### Supplied data ###

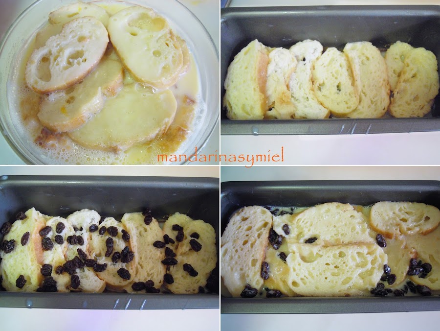 Coloca el pan en el molde encima del caramelo, reparte las pasas por dentro.
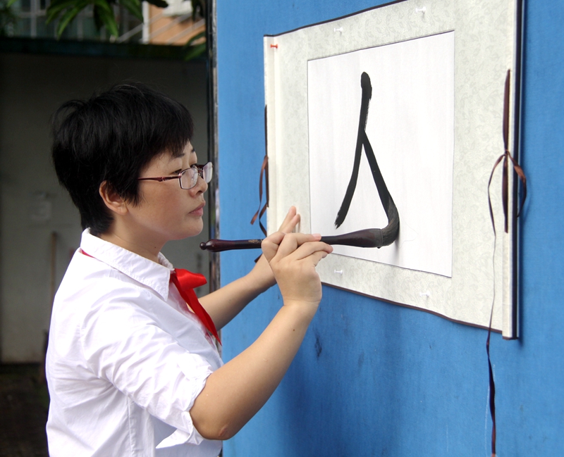 家长们握着孩子们的小手指导他们写下人生第一个“人”
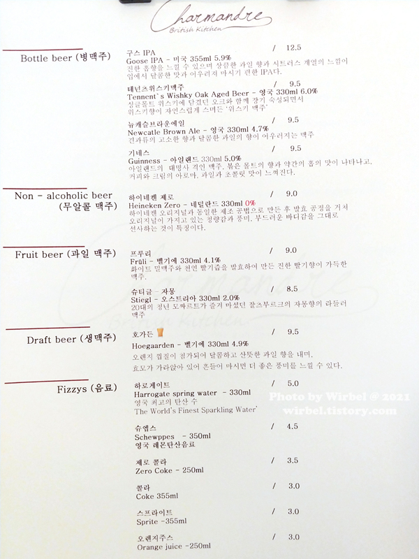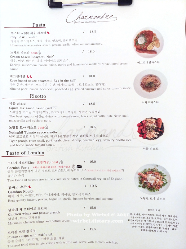 뚝섬역 브리티쉬 키친 차만다 메뉴 가격.
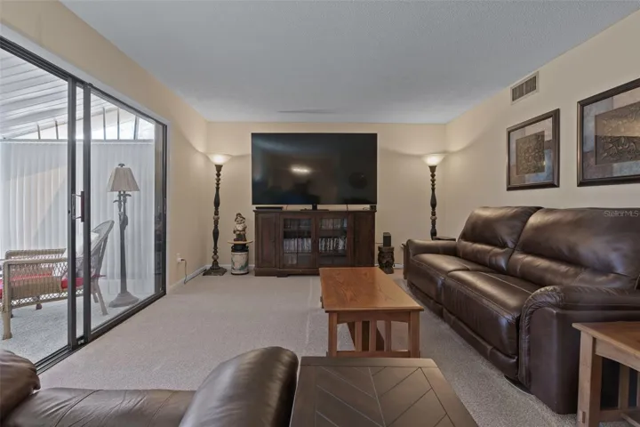 Wake up to stunning views of Jade Lake, the 11th Green of the golf course, and the nearby wildlife management area from this beautiful 2-bedroom, 2-bathroom Twin Lakes Village East condo. Enjoy the outdoors year-round from the enclosed, glassed-in, screened lanai, upgraded with new carpet and blinds. Inside, the well designed layout with newer carpet throughout, includes a full kitchen with a pass-through to the dining room. The kitchen was recently improved with new granite countertops, new installed SS wifi microwave, new SS refrigerator, new SS stove, new SS dishwasher, new flooring, track lighting, GFCI outlets, sink faucet, and cabinet hardware. A newer washer and dryer are also included, and all outlets and switches throughout the unit have been replaced. Both bedrooms are generously sized, with the primary suite offering a walk-in closet and an en-suite bathroom featuring a newer walk-in shower. Both bathrooms have been modernized with updated mirrors, faucets, light fixtures, water-saving toilets, and cabinet hardware. The home is equipped with a new 2.5-ton Rheem AC and air handler, as well as a Nest WiFi/Remote Access Thermostat system for smart, energy-efficient climate control. Storage is abundant, with a dedicated dining room closet, entry foyer closet, and 3’x6’ fully updated storage room on the lanai. Convenient parking is available with assigned spaces directly in front of the building. This 55+ community features a pool just a short walk away. For just $5/year, residents have access to Silver Springs Community Center, offering a Calendar full of Activities, including Fitness Center, Billiard Room, and much more inside and three swimming pools, hot tub, basketball, pickleball, tennis courts, Volleyball, and Lake access. Jon Boats and Kayaks for rent $10 a day for members. Nearby Wildlife management. Minutes to Shopping, Dining. Silver Springs State Park and Lake Weir a short drive away.
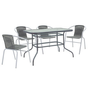 130-000045 Τραπεζαρία κήπου Valor-Obbi σετ 5τεμ pakoworld pe γκρι-μέταλλο γκρι ανθρακί 110x60x70εκ

###

Assignment: Above are the records; reproduce them exactly and leave out the pictures.

Task output:
 Coloca el pan en el molde encima del caramelo, reparte las pasas por dentro.
 家长们握着孩子们的小手指导他们写下人生第一个“人”
 뚝섬역 브리티쉬 키친 차만다 메뉴 가격.
 Wake up to stunning views of Jade Lake, the 11th Green of the golf course, and the nearby wildlife management area from this beautiful 2-bedroom, 2-bathroom Twin Lakes Village East condo. Enjoy the outdoors year-round from the enclosed, glassed-in, screened lanai, upgraded with new carpet and blinds. Inside, the well designed layout with newer carpet throughout, includes a full kitchen with a pass-through to the dining room. The kitchen was recently improved with new granite countertops, new installed SS wifi microwave, new SS refrigerator, new SS stove, new SS dishwasher, new flooring, track lighting, GFCI outlets, sink faucet, and cabinet hardware. A newer washer and dryer are also included, and all outlets and switches throughout the unit have been replaced. Both bedrooms are generously sized, with the primary suite offering a walk-in closet and an en-suite bathroom featuring a newer walk-in shower. Both bathrooms have been modernized with updated mirrors, faucets, light fixtures, water-saving toilets, and cabinet hardware. The home is equipped with a new 2.5-ton Rheem AC and air handler, as well as a Nest WiFi/Remote Access Thermostat system for smart, energy-efficient climate control. Storage is abundant, with a dedicated dining room closet, entry foyer closet, and 3’x6’ fully updated storage room on the lanai. Convenient parking is available with assigned spaces directly in front of the building. This 55+ community features a pool just a short walk away. For just $5/year, residents have access to Silver Springs Community Center, offering a Calendar full of Activities, including Fitness Center, Billiard Room, and much more inside and three swimming pools, hot tub, basketball, pickleball, tennis courts, Volleyball, and Lake access. Jon Boats and Kayaks for rent $10 a day for members. Nearby Wildlife management. Minutes to Shopping, Dining. Silver Springs State Park and Lake Weir a short drive away.
 130-000045 Τραπεζαρία κήπου Valor-Obbi σετ 5τεμ pakoworld pe γκρι-μέταλλο γκρι ανθρακί 110x60x70εκ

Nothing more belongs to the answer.